● **Task prompt**: Please go line by line and repeat the data below exactly, with no images.

● **Supplied information**:
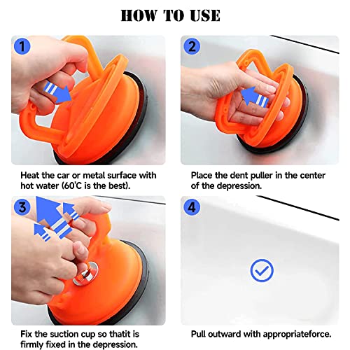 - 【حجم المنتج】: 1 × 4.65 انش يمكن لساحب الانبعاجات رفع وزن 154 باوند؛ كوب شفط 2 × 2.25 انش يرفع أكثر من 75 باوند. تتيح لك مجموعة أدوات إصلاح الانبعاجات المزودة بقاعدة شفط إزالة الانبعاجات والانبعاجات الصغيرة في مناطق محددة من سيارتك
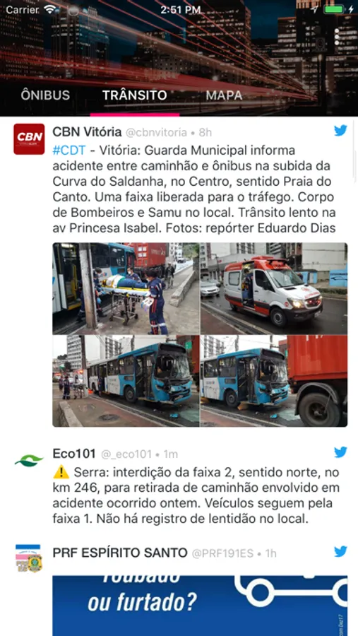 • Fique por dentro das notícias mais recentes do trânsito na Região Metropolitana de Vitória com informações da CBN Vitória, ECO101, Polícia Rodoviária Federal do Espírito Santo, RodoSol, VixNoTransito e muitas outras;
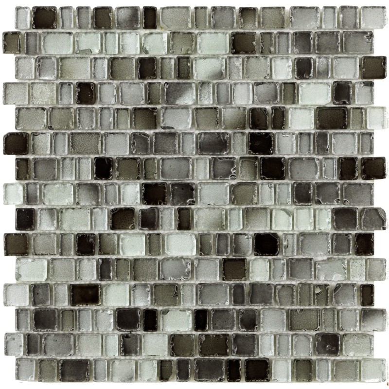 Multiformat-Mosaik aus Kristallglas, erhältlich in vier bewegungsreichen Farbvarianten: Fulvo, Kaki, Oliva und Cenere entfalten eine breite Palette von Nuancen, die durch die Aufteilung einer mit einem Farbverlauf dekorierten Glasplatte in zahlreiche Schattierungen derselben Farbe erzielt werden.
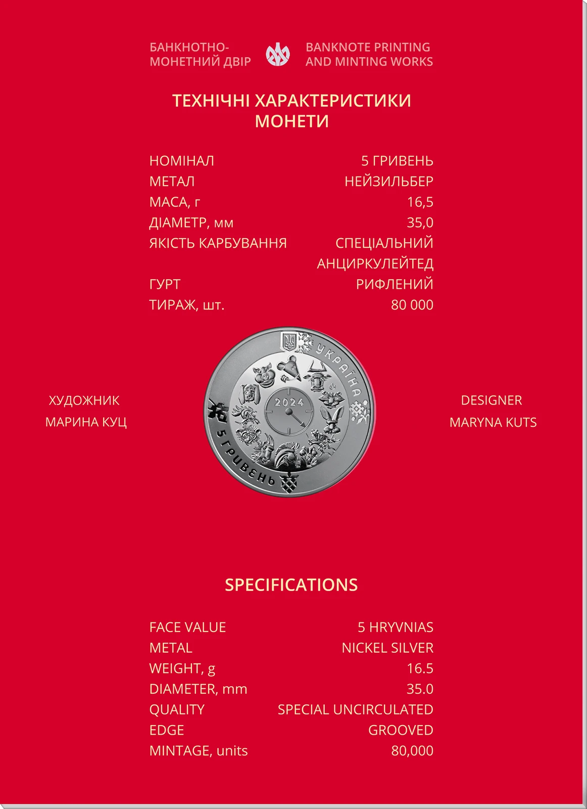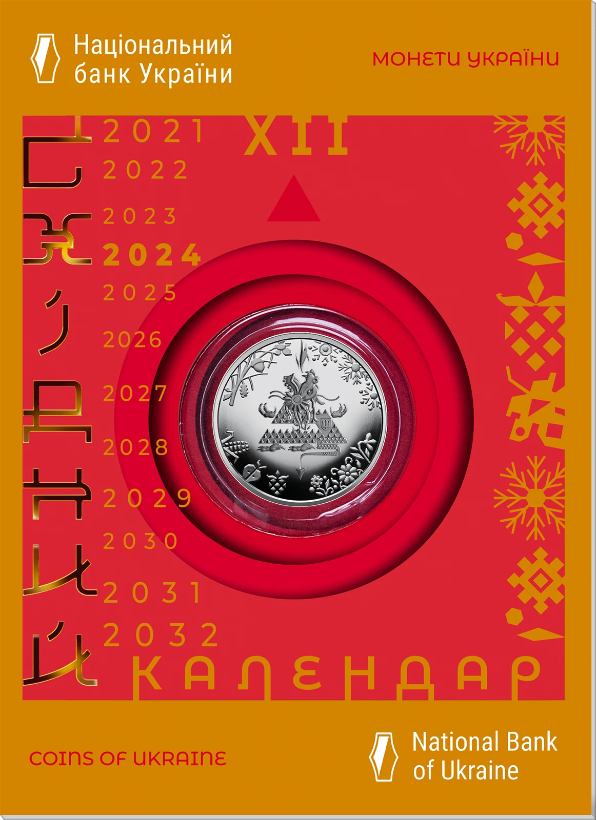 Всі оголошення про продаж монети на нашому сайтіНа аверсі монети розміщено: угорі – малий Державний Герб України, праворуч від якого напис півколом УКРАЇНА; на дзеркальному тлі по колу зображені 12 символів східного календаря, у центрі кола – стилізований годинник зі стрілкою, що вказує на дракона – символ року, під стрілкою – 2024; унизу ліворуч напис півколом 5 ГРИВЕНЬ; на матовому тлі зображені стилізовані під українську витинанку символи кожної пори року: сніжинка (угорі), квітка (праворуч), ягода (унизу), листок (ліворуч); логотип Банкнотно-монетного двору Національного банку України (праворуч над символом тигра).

● **Final answer**:
 - 【حجم المنتج】: 1 × 4.65 انش يمكن لساحب الانبعاجات رفع وزن 154 باوند؛ كوب شفط 2 × 2.25 انش يرفع أكثر من 75 باوند. تتيح لك مجموعة أدوات إصلاح الانبعاجات المزودة بقاعدة شفط إزالة الانبعاجات والانبعاجات الصغيرة في مناطق محددة من سيارتك
 • Fique por dentro das notícias mais recentes do trânsito na Região Metropolitana de Vitória com informações da CBN Vitória, ECO101, Polícia Rodoviária Federal do Espírito Santo, RodoSol, VixNoTransito e muitas outras;
 Multiformat-Mosaik aus Kristallglas, erhältlich in vier bewegungsreichen Farbvarianten: Fulvo, Kaki, Oliva und Cenere entfalten eine breite Palette von Nuancen, die durch die Aufteilung einer mit einem Farbverlauf dekorierten Glasplatte in zahlreiche Schattierungen derselben Farbe erzielt werden.
 Всі оголошення про продаж монети на нашому сайтіНа аверсі монети розміщено: угорі – малий Державний Герб України, праворуч від якого напис півколом УКРАЇНА; на дзеркальному тлі по колу зображені 12 символів східного календаря, у центрі кола – стилізований годинник зі стрілкою, що вказує на дракона – символ року, під стрілкою – 2024; унизу ліворуч напис півколом 5 ГРИВЕНЬ; на матовому тлі зображені стилізовані під українську витинанку символи кожної пори року: сніжинка (угорі), квітка (праворуч), ягода (унизу), листок (ліворуч); логотип Банкнотно-монетного двору Національного банку України (праворуч над символом тигра).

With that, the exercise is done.